Data shown:
====================
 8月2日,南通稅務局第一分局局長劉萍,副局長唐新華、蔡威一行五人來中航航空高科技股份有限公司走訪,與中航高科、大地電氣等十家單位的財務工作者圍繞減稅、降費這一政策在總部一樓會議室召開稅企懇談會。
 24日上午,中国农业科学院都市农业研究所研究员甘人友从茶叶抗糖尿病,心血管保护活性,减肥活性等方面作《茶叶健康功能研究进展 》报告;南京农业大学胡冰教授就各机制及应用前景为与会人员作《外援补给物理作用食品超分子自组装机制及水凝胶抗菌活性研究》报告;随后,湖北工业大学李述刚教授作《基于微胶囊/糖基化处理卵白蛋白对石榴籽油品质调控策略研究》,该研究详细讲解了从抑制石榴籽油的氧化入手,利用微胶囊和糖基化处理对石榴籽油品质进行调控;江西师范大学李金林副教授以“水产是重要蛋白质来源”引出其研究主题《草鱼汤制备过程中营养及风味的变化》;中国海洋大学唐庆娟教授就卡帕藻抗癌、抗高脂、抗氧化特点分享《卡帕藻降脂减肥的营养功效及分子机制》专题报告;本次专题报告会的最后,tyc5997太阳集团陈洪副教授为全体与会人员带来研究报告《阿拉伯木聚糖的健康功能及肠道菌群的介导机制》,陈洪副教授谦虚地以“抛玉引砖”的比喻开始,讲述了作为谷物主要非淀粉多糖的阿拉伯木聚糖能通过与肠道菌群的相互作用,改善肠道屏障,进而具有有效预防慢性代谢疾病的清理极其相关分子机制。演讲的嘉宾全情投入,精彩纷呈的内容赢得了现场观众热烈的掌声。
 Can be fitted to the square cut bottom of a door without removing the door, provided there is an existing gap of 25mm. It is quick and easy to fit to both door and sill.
====================
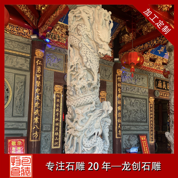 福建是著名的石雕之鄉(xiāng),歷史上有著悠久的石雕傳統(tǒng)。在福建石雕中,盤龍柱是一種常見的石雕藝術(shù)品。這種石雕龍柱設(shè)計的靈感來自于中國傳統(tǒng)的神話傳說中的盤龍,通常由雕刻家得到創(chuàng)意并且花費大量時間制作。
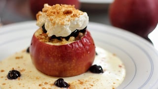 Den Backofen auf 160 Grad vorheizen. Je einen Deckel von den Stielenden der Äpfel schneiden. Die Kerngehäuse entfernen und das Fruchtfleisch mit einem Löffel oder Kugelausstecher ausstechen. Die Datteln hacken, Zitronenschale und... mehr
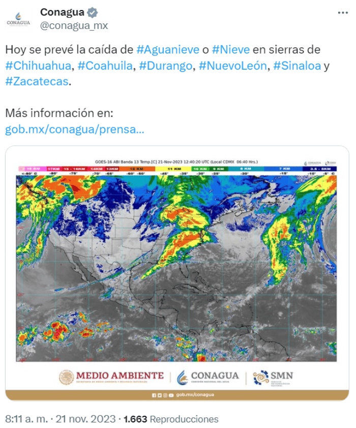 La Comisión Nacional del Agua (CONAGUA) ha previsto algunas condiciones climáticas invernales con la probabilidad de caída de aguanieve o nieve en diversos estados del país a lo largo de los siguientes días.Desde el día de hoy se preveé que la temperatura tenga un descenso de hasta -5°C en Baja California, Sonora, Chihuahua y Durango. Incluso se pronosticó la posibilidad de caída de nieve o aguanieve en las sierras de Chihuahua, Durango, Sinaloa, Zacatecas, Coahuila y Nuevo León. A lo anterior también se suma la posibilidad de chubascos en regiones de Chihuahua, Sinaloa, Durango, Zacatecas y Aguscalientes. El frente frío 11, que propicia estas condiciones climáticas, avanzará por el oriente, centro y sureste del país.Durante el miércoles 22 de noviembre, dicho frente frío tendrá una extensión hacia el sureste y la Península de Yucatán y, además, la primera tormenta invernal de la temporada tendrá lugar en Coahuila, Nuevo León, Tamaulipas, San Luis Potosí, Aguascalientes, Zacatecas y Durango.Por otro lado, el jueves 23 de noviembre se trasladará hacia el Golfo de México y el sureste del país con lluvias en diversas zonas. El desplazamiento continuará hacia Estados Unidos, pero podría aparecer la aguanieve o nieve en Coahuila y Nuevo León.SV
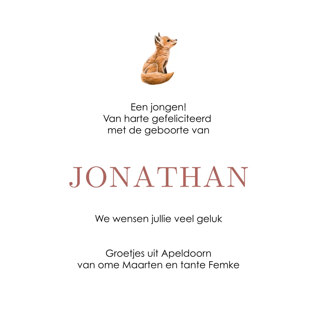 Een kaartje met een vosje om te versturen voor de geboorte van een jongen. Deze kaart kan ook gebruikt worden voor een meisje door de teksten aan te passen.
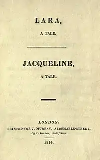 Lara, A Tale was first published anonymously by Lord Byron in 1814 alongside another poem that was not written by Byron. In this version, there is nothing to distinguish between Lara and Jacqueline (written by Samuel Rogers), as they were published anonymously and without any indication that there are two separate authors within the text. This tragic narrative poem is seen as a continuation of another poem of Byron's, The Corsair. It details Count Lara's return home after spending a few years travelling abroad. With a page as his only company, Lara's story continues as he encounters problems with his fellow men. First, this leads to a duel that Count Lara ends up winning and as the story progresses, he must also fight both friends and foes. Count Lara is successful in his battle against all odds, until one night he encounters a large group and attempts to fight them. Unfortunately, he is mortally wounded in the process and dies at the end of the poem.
====================
Activity: In the entries above, find the line containing "La Comisión Nacional" and the line containing "Een kaartje met"; give again exactly those two lines and every line between them, minus the pictures.

Result for this exercise:
 La Comisión Nacional del Agua (CONAGUA) ha previsto algunas condiciones climáticas invernales con la probabilidad de caída de aguanieve o nieve en diversos estados del país a lo largo de los siguientes días.Desde el día de hoy se preveé que la temperatura tenga un descenso de hasta -5°C en Baja California, Sonora, Chihuahua y Durango. Incluso se pronosticó la posibilidad de caída de nieve o aguanieve en las sierras de Chihuahua, Durango, Sinaloa, Zacatecas, Coahuila y Nuevo León. A lo anterior también se suma la posibilidad de chubascos en regiones de Chihuahua, Sinaloa, Durango, Zacatecas y Aguscalientes. El frente frío 11, que propicia estas condiciones climáticas, avanzará por el oriente, centro y sureste del país.Durante el miércoles 22 de noviembre, dicho frente frío tendrá una extensión hacia el sureste y la Península de Yucatán y, además, la primera tormenta invernal de la temporada tendrá lugar en Coahuila, Nuevo León, Tamaulipas, San Luis Potosí, Aguascalientes, Zacatecas y Durango.Por otro lado, el jueves 23 de noviembre se trasladará hacia el Golfo de México y el sureste del país con lluvias en diversas zonas. El desplazamiento continuará hacia Estados Unidos, pero podría aparecer la aguanieve o nieve en Coahuila y Nuevo León.SV
 Een kaartje met een vosje om te versturen voor de geboorte van een jongen. Deze kaart kan ook gebruikt worden voor een meisje door de teksten aan te passen.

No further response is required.